Shriver echoed Petlock's points, agreeing that jailing addicts is not the way the reduce the opioid epidemic.

“The criminal justice system is strained, bulging at the seams, and a little outdated,” she said. “We need more tools, and jail won't help us.”

A medical problem, not a moral issue

Of the 13 people involved in the forum, five were medical professionals, underscoring the importance of seeing addiction as a medical problem, not a moral one.

There is a big difference between talking about people as “junkies” or “addicts” and talking about them as people with a substance-use disorder, the current medical term.

For medical personnel, another hopeful element is the evidence that medicine-based treatments can be an important element in helping someone trying to kick an opiate habit.

Two such options: methadone, or the combination of buprenorphine and naloxone, also known as Suboxone.

Both Geoffrey P. Kane, M.D., the chief of addiction services at the Brattleboro Retreat, and Mathew Dove, an advanced-practice registered nurse and psychiatric provider for BMH's emergency department, emphasized this point.

“Medication for someone addicted is like putting something on ice to give them traction,” said Kane, as he asked the audience to imagine what the Flat Street area would have been like after the flooding of Tropical Storm Irene if all of the water had frozen and people were stuck on it, unable to move.

Dove echoed that point, noting that one of the first steps for someone who has been saved from an overdose in the hospital's emergency department is to make sure they are treated with medicine as well as with support and counseling.

Moving the needle

Other participants in the forum included Rhianna Kendrick, operations director for Groundworks Collaborative; and Suzie Walker, the executive director of Turning Point of Windham County, which provides direct services for people in recovery from addiction.

After the panelists were done presenting their perspectives, the session was opened to comments and questions from the participants who had flooded the room to overflowing.

Many people took the opportunity to share their own experience with addiction within their families.
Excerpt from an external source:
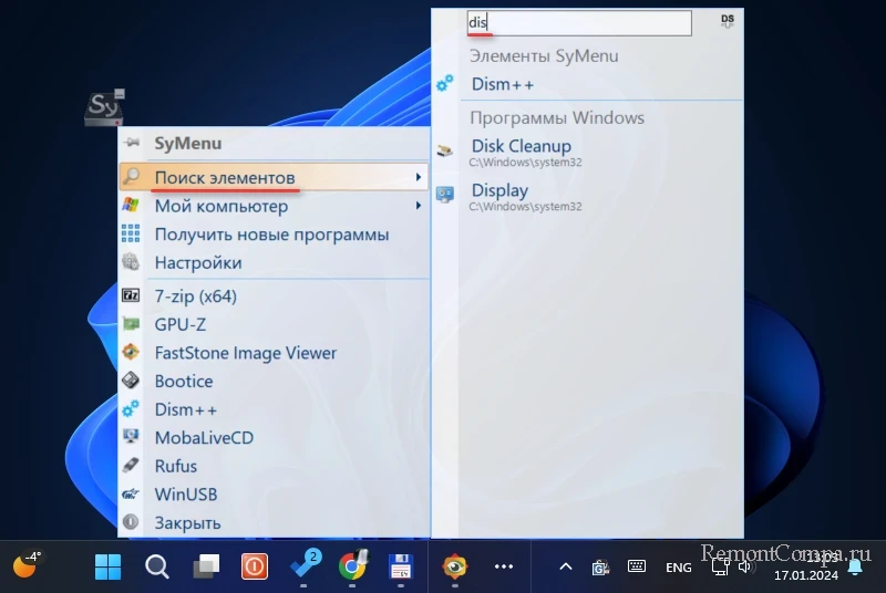 А запустить из меню SyMenu можно много чего. Это любые объекты компьютера – системные функции и настройки, установленные и портативные программы. Для запуска всего этого в меню программы есть пункт «Поиск элементов». Вводим начальные буквы искомого и выбираем его в предложениях поиска.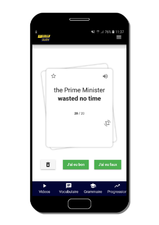 Notre algorithme de révision espacée vous fera mémoriser les mots et expressions à connaître, et optimisera voter programme de révision pour vous faire gagner du temps

The question of how ordinary individuals in Brattleboro can help came up several times.

Toward the end, questions arose about the problem of Brattleboro's street life, and the way that panhandling can affect the town, came up.

It was clear that there still are real concerns, and that as Brattleboro addresses the challenge of addiction it also must address the problems that ordinary citizens of Brattleboro face as they live in town and try to cope with people on sidewalks and petty theft in their cars and garages.

Toward the end of the forum, Peter “Fish” Case recalled that he had moderated a similar meeting five years before, and that if anything, the problem had grown far worse since then.

At the same time, he also observed how essential it is that people come together in forums like this one, and how important it is that the community is involved.

“If we continue to show up,” Case said, “we will continue to move the needle.”